– В Академии?..
– Это большой фехтовальный зал, где составляются ассо и заключаются пари. Все молодые офицеры ходят туда. Этот зал тайно посещают самые высокопоставленные особы, а когда ожидаются любопытные поединки, приезжают даже дамы в масках. Я думаю, там можно встретить и господина фаворита.
– Занятно…
– Но сейчас Академия, скорее всего, закрыта. Я вчера узнал новость – вся гвардия отправлена в Москву. Там случился бунт…
– Да, я знаю. Вы рассказываете очень полезные вещи, господин аббат. Считайте, что по крайней мере одну бумажку из своего пухлого дела вы уже выкупили. Сейчас мы вместе поужинаем и обсудим ваши дела.

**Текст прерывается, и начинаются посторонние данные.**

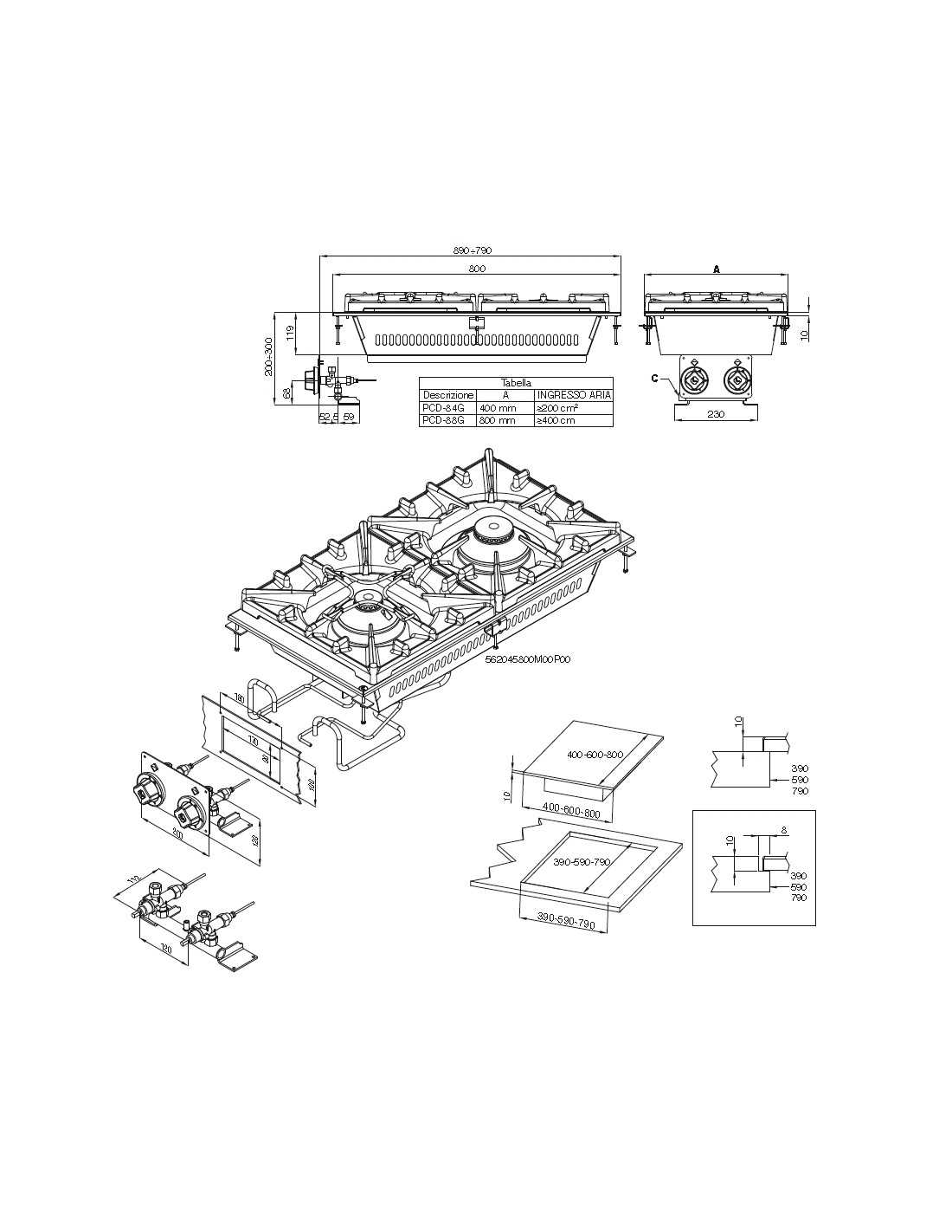 Placa de gas - Modelo PCD-84G - N. 2 quemadores - Parrilla de hierro fundido - Bandeja de goteo extraíble - Alimentación gas - Energía kW 11 - kCal 9.460 - Dimensiones cm 40 x 80 x 11 h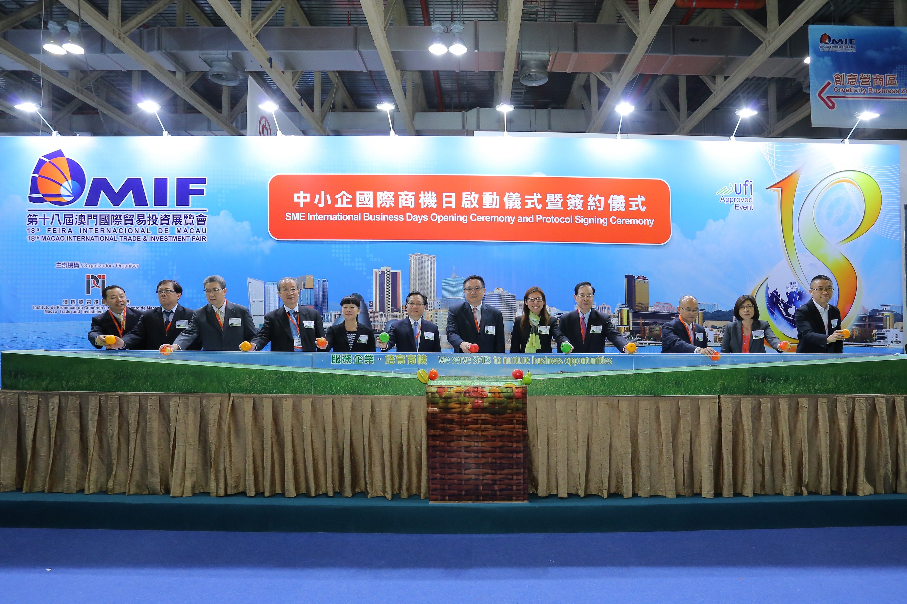 第18屆MIF「中小企國際商機日」(下稱「商機日」)今日舉行啟動儀式,邀請到澳門貿易投資促進局張祖榮主席、澳門中華總商會高開賢理事長、澳門貿易投資促進局陳敬紅執行委員、劉關華執行委員,澳門廠商聯合會崔煜林理事長、澳門付貨人協會鄧君方理事長、澳門管理專業協會劉永誠理事長、澳門中小企業協進會容應存副理事長、澳門生產力暨科技轉移中心莫苑梨副理事長、澳門紡織商會顧永祥監事、中國國際貿易促進委員會-商業行業分會-品牌管理研究中心田敏副主任和香港專利授權及特許經營協會李偉生會長等擔任主禮嘉賓。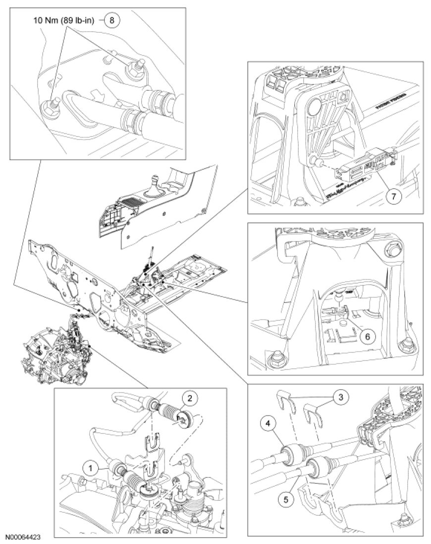 6. Disconnect the gearshift cables from the gearshift lever assembly.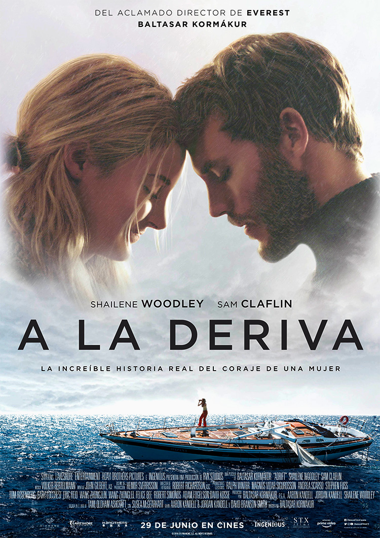 Basada en hechos reales, la nueva película del director islandés Baltasar Kormákur llega a las salas españolas. A la deriva cuenta la historia de una pareja que decide navegar en un velero desde Tahití hasta San Diego y que lucha por sobrevivir tras toparse con un huracán.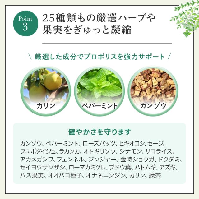 プロポリスの有用性をより高めるため、様々な研究が進められている天然由来の成分(カンゾウエキス、ローズバッツエキス、ハーブエキス、緑茶エキス)を凝縮。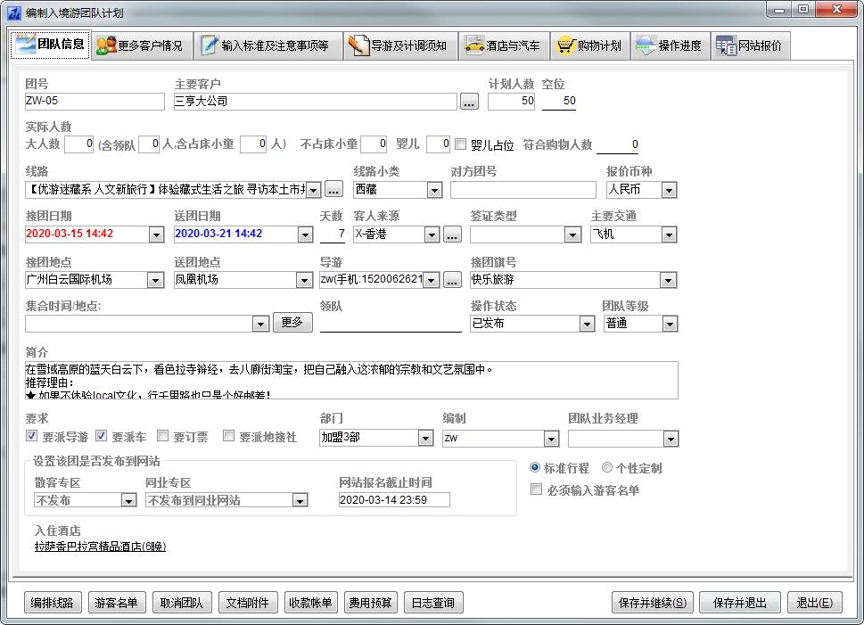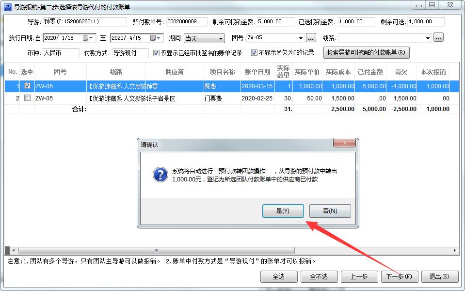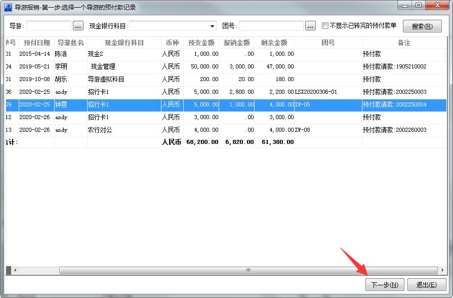 說明:預付款請款時,指定團號表示專款專用;如果不指定,則不限定導游領取的預付款用于哪個團的報銷。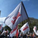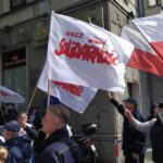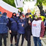Przed ministerstwem pojawili się również, wspierający pocztowców, działacze Obozu Narodowo-Radykalnego.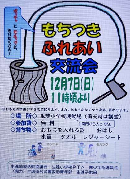 生魂っ子は、SDGsを勉強しています。ごみ削減の視点からも持ち物を確認の上、おもちを入れる器(お弁当箱など)やお箸などを忘れないようにしましょう。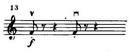 Работу над штрихом следует начинать после тщательной отработки указанных выше упражнений на spiccato. Важно выработать также упражнение на «укол» струны, которое по звуковому результату должно быть родственно приводимым ранее упражнениям на импульс атаки звука и «укол» струны в martele. Однако само движение здесь необходимо совершать четким изолированным движением кисти «вверх смычком» (с элементом пальцевого штриха), как бы отрывающим смычок от струны и быстро возвращающим в исходное положение, в котором кисть должна быть заметно согнута.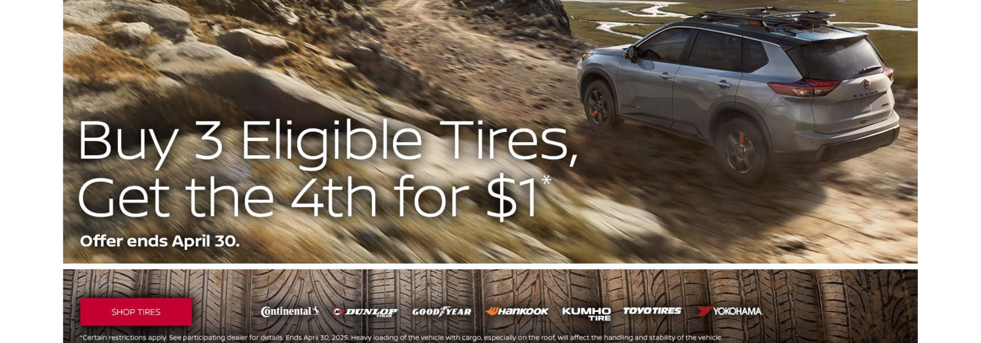 *Offer available for a limited time. Eligible on select OEM, OEA, and WIN tires only when purchased from and installed by a participating Nissan dealer. Other restrictions apply. See dealer for details. Price and offer availability may vary by model. Taxes and fees additional. No cash value. May not be combined with any other offers. Void where prohibited. Offer ends April 30, 2025.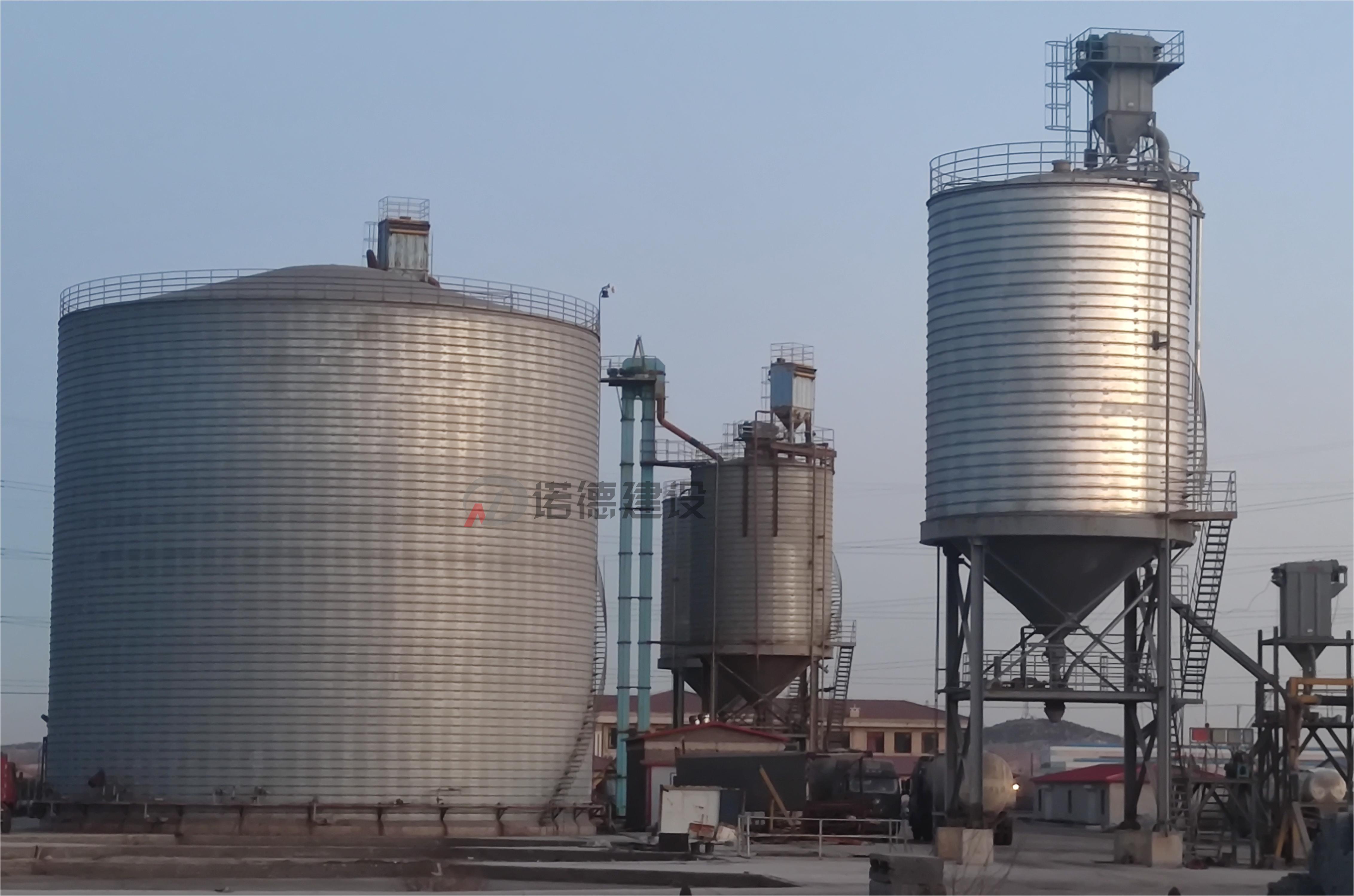 单库容量500-10000m³--同时可组建更大容量的储库群;主要用来储存液态、颗粒状、粉状物料;如:水泥、粉煤灰、油脂、粮食等,可根据场地及厂方要求建成一字型、品字型、器字型、单排型或多排型仓(库)或仓(库)群。
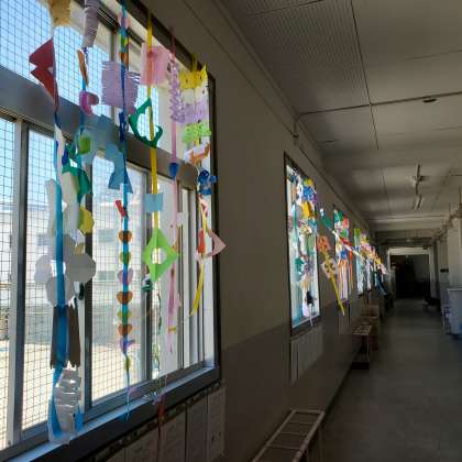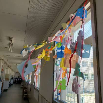 図工の飾りが風に揺れています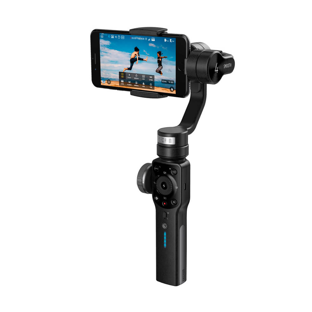 Zhiyun Smooth 4 - электронный трехосевой стабилизатор для мобильных телефонов. Smooth 4 обладает профессиональным функционалом для съемки видео со сложными кинематографическими приемами, такими как, например, «долли зум», «гиперлапс», «таймлапс со смещением фокуса» и так далее.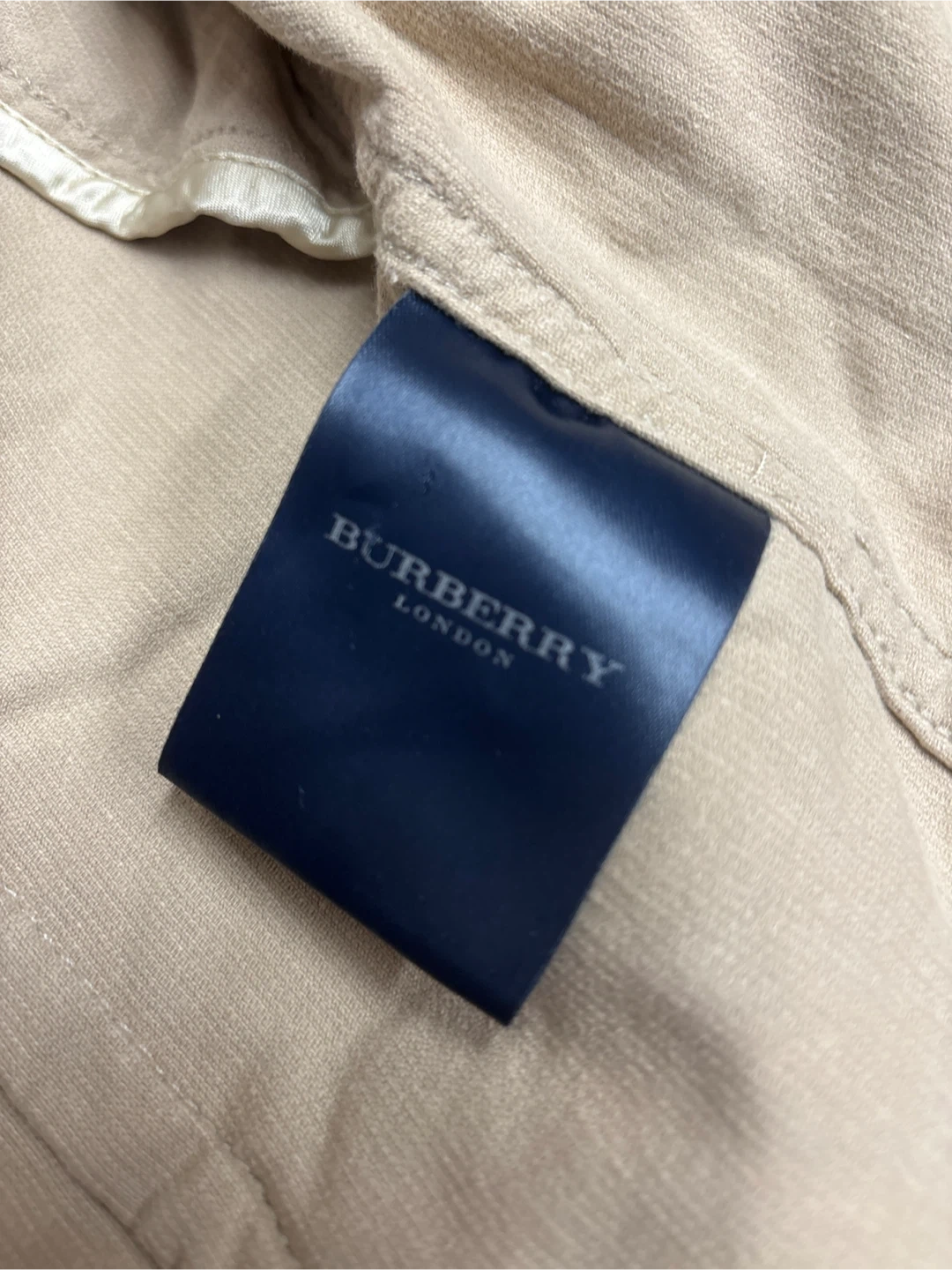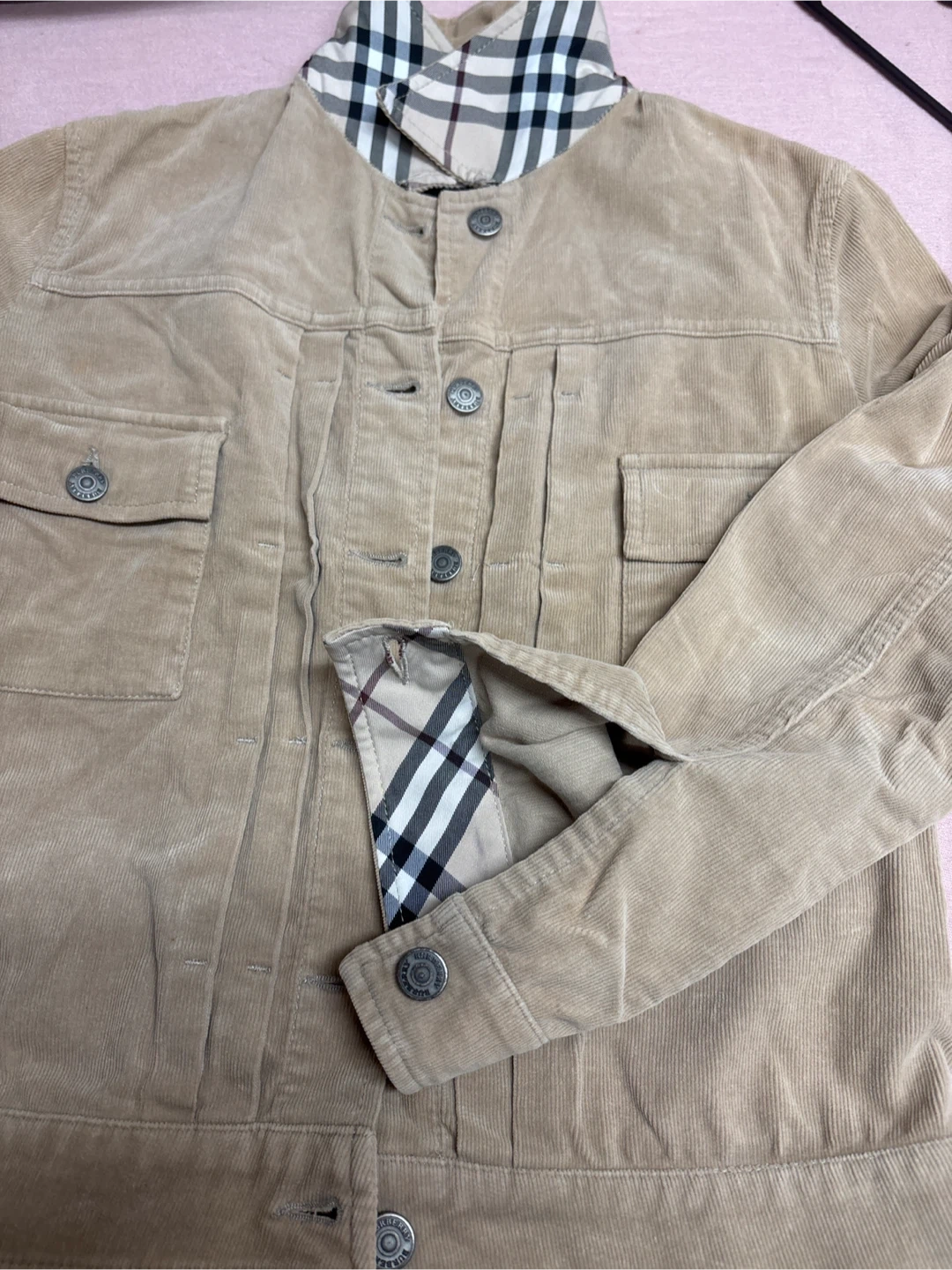 This is a classic Burberry London corduroy jacket in a versatile beige color. It features the iconic Burberry check lining and is made in Italy. Size is USA 2, UK 4.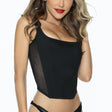 Leather strapless bustier with zip front closure, boning and lace up back. Adjustable and detachable garters.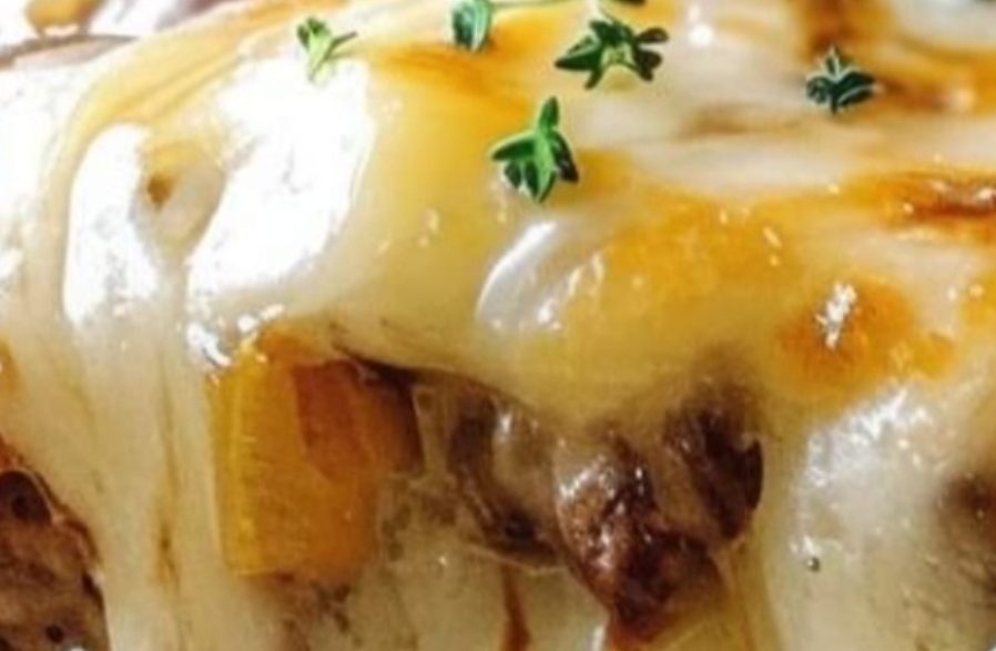 Melt butter in a skillet over medium heat. Add the thinly sliced onions and cook them slowly, stirring occasionally, until they become caramelized, which takes about 20-25 minutes. Once caramelized, pour in the beef broth and continue cooking until most of the liquid is absorbed.

– От ужина не откажусь, – сказал Бротар. – Только, простите, буду есть лежа. Ведь принесут мне когда-нибудь мой кирпич.
Он вывернулся, он направил агента по ложному пути. Судя по беспорядочной жизни Мишки Нечаева, петербуржским помощникам господина Поля придется немало побегать за авантюристом, прежде чем обнаружится его непричастность к фальшивым ассигнациям. А к тому времени братья Пушкины получат формы и печати со шрифтами, наштампуют те триста тысяч рублей, о коих был уговор, Михаин Пушкин вместе с Федором Сукиным подменят фальшивыми ассигнациями те, которые через Мануфактур-коллегию должны пойти на оплату сделок с заграничными купцами и использоваться при отпуске российских товаров за границу.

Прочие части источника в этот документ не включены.